___ Dataset excerpts

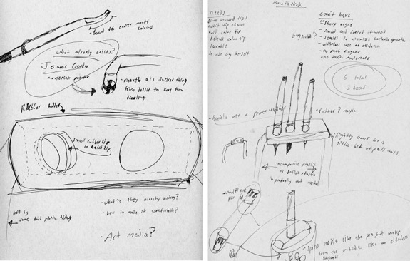 Working drawings from art student Pat Tyree’s sketchbook, possible design solutions for a tool to serve a client who makes art using her mouth.
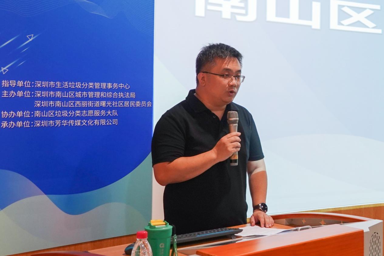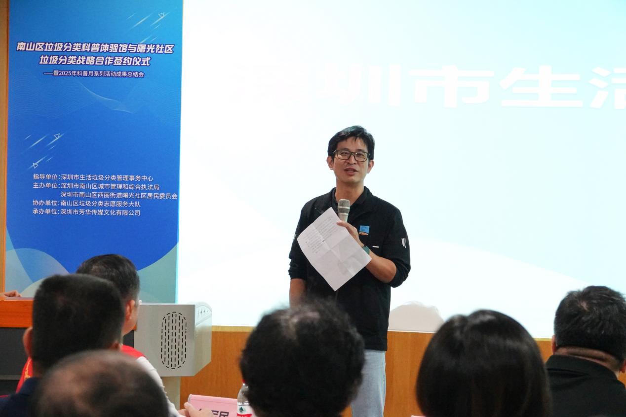 活动在温馨的暖场视频中拉开序幕。华晓峰在致辞中表示,此次合作是南山区构建“垃圾分类—资源再生—全民参与”环保样板的重要实践,希望通过科普馆的专业资源与社区的阵地优势相结合,推动垃圾分类从“知识普及”走向“行为养成”,为深圳建设“国际一流的绿色低碳城市”贡献基层力量。
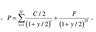解析 对于半年付息一次的债券来讲 其中,P代表债券价格;C代表现金流金额;y代表到期收益率;T代表债券期限(期数);t代表现金流到达时间(期)。
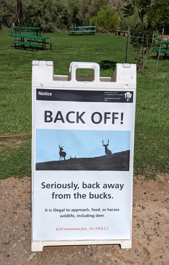 The park service was not subtle about wanting everyone to stay clear of the deer.
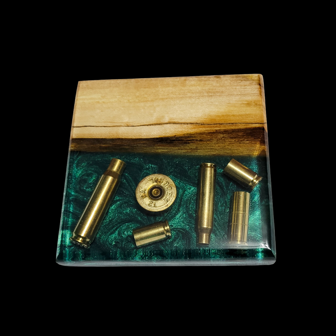 A variety of empty gun shells are inlaid in the resin. This is the perfect gift for any hunter or sharpshooter!
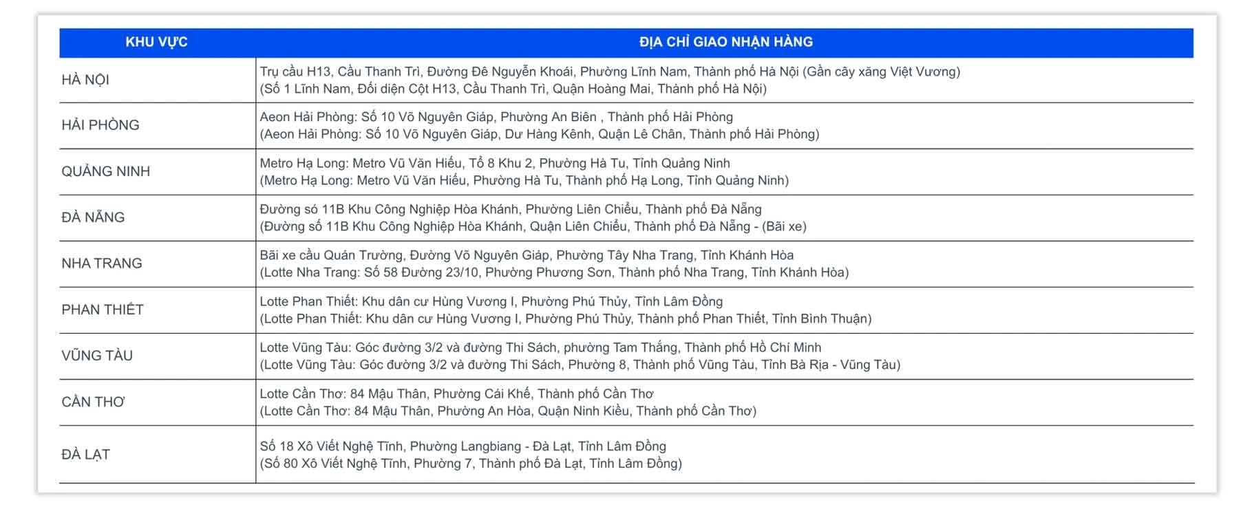 (Quý khách có thể đến giao nhận hàng tại các địa điểm trên hoặc yêu cầu dịch vụ giao nhận hàng tận nơi)

______

Only exact lines belong in the answer: those from the beginning of the entries above through the line holding "A variety of", with no pictures.

 Working drawings from art student Pat Tyree’s sketchbook, possible design solutions for a tool to serve a client who makes art using her mouth.
 活动在温馨的暖场视频中拉开序幕。华晓峰在致辞中表示,此次合作是南山区构建“垃圾分类—资源再生—全民参与”环保样板的重要实践,希望通过科普馆的专业资源与社区的阵地优势相结合,推动垃圾分类从“知识普及”走向“行为养成”,为深圳建设“国际一流的绿色低碳城市”贡献基层力量。
解析 对于半年付息一次的债券来讲 其中,P代表债券价格;C代表现金流金额;y代表到期收益率;T代表债券期限(期数);t代表现金流到达时间(期)。
 The park service was not subtle about wanting everyone to stay clear of the deer.
 A variety of empty gun shells are inlaid in the resin. This is the perfect gift for any hunter or sharpshooter!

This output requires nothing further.